Segunda modernización. La producción científica en el campo de la comunicación tiene como marco de referencia el surgimiento del cine sonoro y en color y las emisiones de radio y televisión que se difunden masivamente en el siglo XX. Antonio Pasquali, Luis Aníbal Gómez, Héctor Mujica, Oswaldo Capriles, Ludovico Silva, Marcelino Bisbal, Jesús maría Aguirre, Migdalia Pineda son algunos de los investigadores que examinan el papel de los medios masivos y sus efectos sociales.  

La reflexión sobre el cine venezolano, nacido en Maracaibo en 1897, y sus implicaciones en el imaginario nacional, cuenta con autores claves como Ambretta Marrosu, Nicolás Tirado, Oscar Lucien y José Miguel Acosta. La radiodifusión sonora, sus  innovaciones tecnológicas, crónicas, historia del medio, géneros y audiencias típicas, ha sido evaluada por Julio Requena, Carlos Correa, Julio Cabello, Oswaldo Yépez, Fidel Pérez.

Desde otra vertiente, Eduardo Santoro, Carlos Muños, Doris Pachano, Leoncio Barrios, Gustavo Hernández han indagado a las audiencias de la televisión, desde enfoques cuantitativos y cualitativos. Italo Pizzolante y Agrivalca Canelón se dedican a las comunicaciones integradas. Andrés Cañizález y Carlos Correa abordan la comunicación política y libertad de expresión.               
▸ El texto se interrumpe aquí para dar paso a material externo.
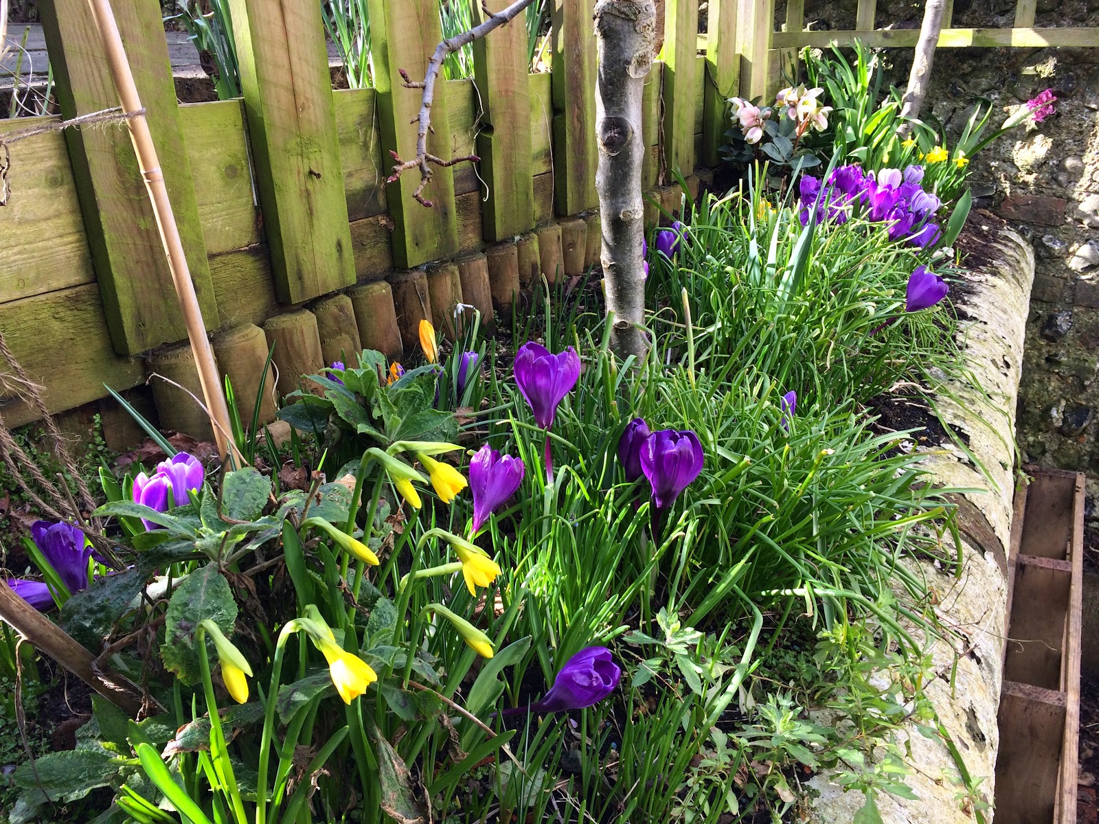So with lacerated hands from all that rose pruning and the few aches and pains that usually accompany that first major gardening day of the year, I can now enjoy the rather late display of crocuses without any sense of guilt at jobs not done.

Asalto al segundo milenio. En el marco de la sociedad de la comunicación y del conocimiento se desarrollan investigaciones sobre estos asuntos: tendencias digitales (Carlos Jiménez, Iria Puyosa, Carlos Delgado), diagnósticos de usos y consumos (Marcelino Bisbal, Pasquale Nicodemo), comunidades virtuales y políticas (Beatriz Fernández, Marla Gómez), impactos psicológicos (Alexander Ibarra, Juan Carlos Carreño), investigación en línea (Mabel Calderín, Ángel Páez), imaginario de la ciencia ficción (Margarita D´Amico, Francisco Pellegrino).

Finalmente, Jesús María Aguirre subraya que uno de los retos actuales de la investigación en comunicación consiste en profundizar en estos temas: comunidades virtuales y democracia, economías creativas en las sociedad del conocimiento, comunicación organizacional, sociología de las profesiones, convergencia tecno-lingüística y aprendizaje, mediaciones culturales, comunicación para el desarrollo y cambio social, transmisión de mentalidades y tradiciones bajo las TIC.